We have a nice saying in Hebrew: "the urine has risen to his head". I have no idea what the etymology is this is, but it's kind of evocative: where there used to be common sense, arrogance and self importance have imbued with, well, piss. And without question, Richard Dawkins is taking the piss. So the urological metaphor does seem apt after all.

It's easy, when you've had a lifetime of people asking for your opinion, to be misled into thinking that you opinions matter just because they come from you. Noam Chomsky has that little problem. Martin Amis does, too. These are men (funny that) who think we should listen to them because they're them, and they've been listened to for a long time. And, you know, they're wrong.

As is Richard Dawkins. Oh, he's had a good run, with both evolutionary biology and atheism. But he knows sweet fuck all about feminism, and the toe-curlingly embarrassing spectacle of him sniping in the comment section of a blog like some aggrieved teenager must go no further. Enough, Professor Dawkins. You have nothing to say on this subject that will enrich the general discourse. You are speaking without any prior knowledge[3] on the issues.

And we know what we think in the sceptic community of people who expound their strident views without any prior knowledge of the subject, don't we? It's kind of similar to what we think of tabloids and right wing demagogue politicians, really.



[1] As in the "teach girls to say no" example. We do this already of course, where parents don't (paradoxically) opt their children out of SRE education, because the curriculum includes discussion of when to not have sex. But hey, if you can make yourself sound righteous, and make women's lives a little worse, at the expense of the pinko commie state education system, why not, right?

[2]Misogyny is the biggest theme in advertising; 70% of all purchasing decisions are made by women, and advertisers have met the challenge of convincing women to choose their products by playing on and enhancing the feelings of inadequacy and self-hatred. From the cosmetics industry to toilet bleach to scented candles, the message is the same: women are dirty and unacceptable unless they spend money on our products. And advertisers own the media.

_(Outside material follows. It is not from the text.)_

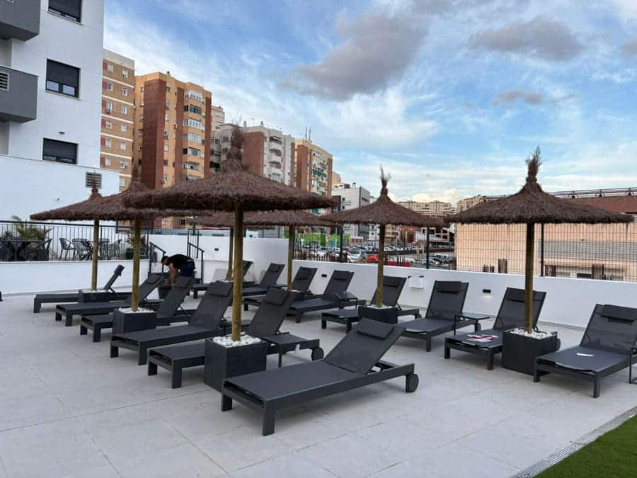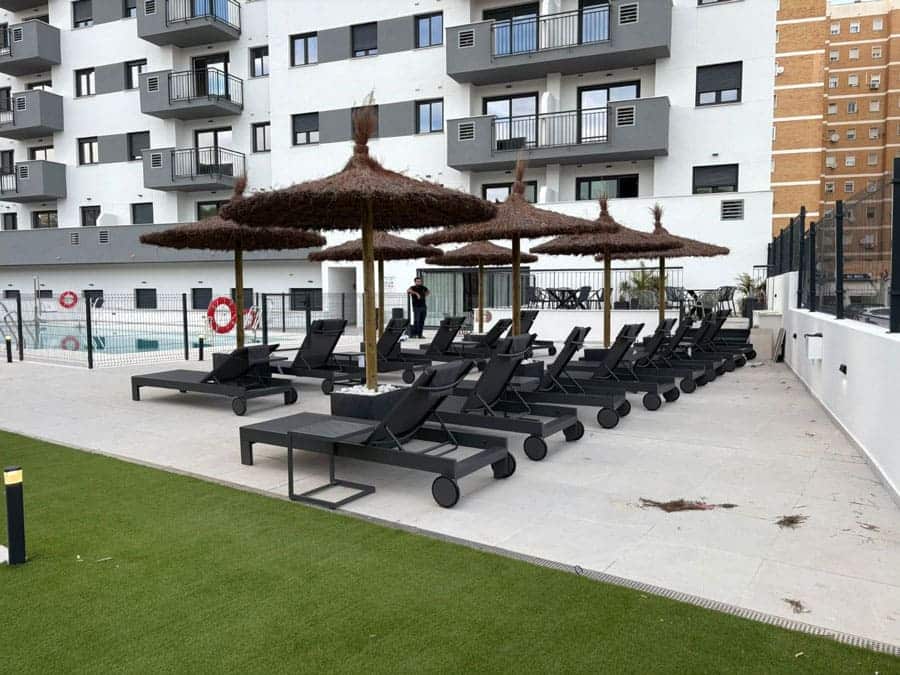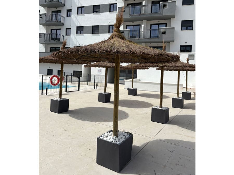 Sombrilla de brezo en Cala de Mijas, Málaga. Sombrillas de brezo 240 cm diámetro, instaladas mediante base de poliéster en comunidad de vecinos.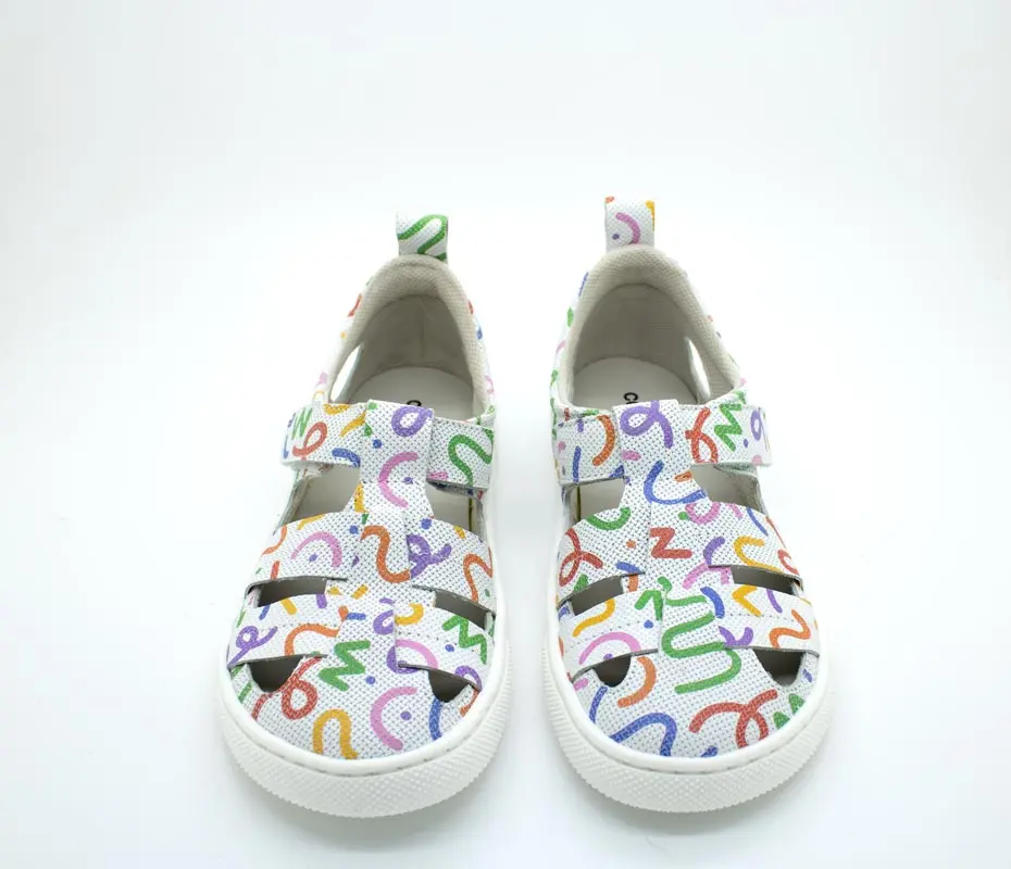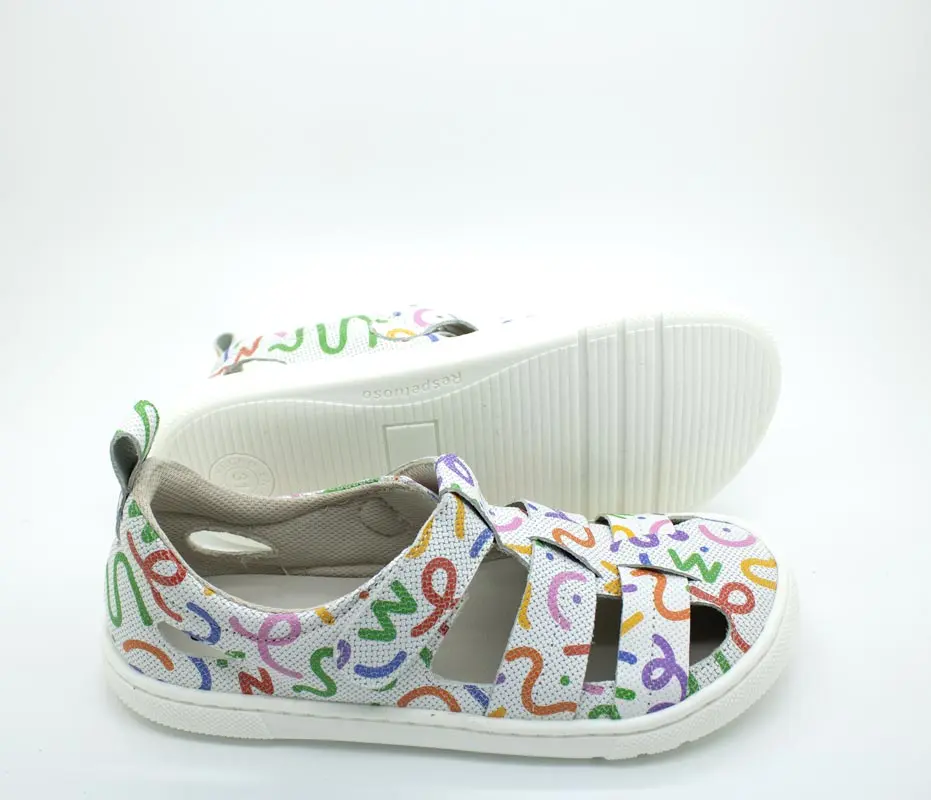 La suela es amplia, plana (drop cero) y flexible, lo cual proporciona una sensación de caminar descalzo y promueve el sano desarrollo de los pies de los niños. Además, cuenta con detalles antideslizantes, garantizando la seguridad en cada paso. La suela es de color blanco. La puntera está reforzada para garantizar una mejor resistencia al desgaste diario.

Its only currently viable model for distributing mass media at a profit, which is exactly why a) The New of the World could not continue once advertisers began to pull out, and b) Murdoch is desperate for control of BSkyB and its lucrative pay per view revenue stream (to break free of advertisers).

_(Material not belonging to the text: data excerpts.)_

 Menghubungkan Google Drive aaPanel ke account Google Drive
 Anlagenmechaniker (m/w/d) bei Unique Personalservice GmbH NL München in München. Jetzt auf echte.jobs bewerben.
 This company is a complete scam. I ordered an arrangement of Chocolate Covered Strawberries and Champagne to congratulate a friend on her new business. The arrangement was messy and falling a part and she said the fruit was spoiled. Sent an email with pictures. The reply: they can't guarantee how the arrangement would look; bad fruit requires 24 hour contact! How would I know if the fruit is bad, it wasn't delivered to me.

[3] Before anyone jumps up to accuse me of not knowing anything about Richard Dawkins' feminist educational credentials: nobody who's read more than a couple of blog posts about feminism in their life would employ either the "you haven't got it as bad as some other women, so shut up" or the "there are much more important topics to discuss than your piddling little problems, so shut up" gambits. Because feminists don't tell women to shut up, duh. He did both in one paragraph, so: stupid.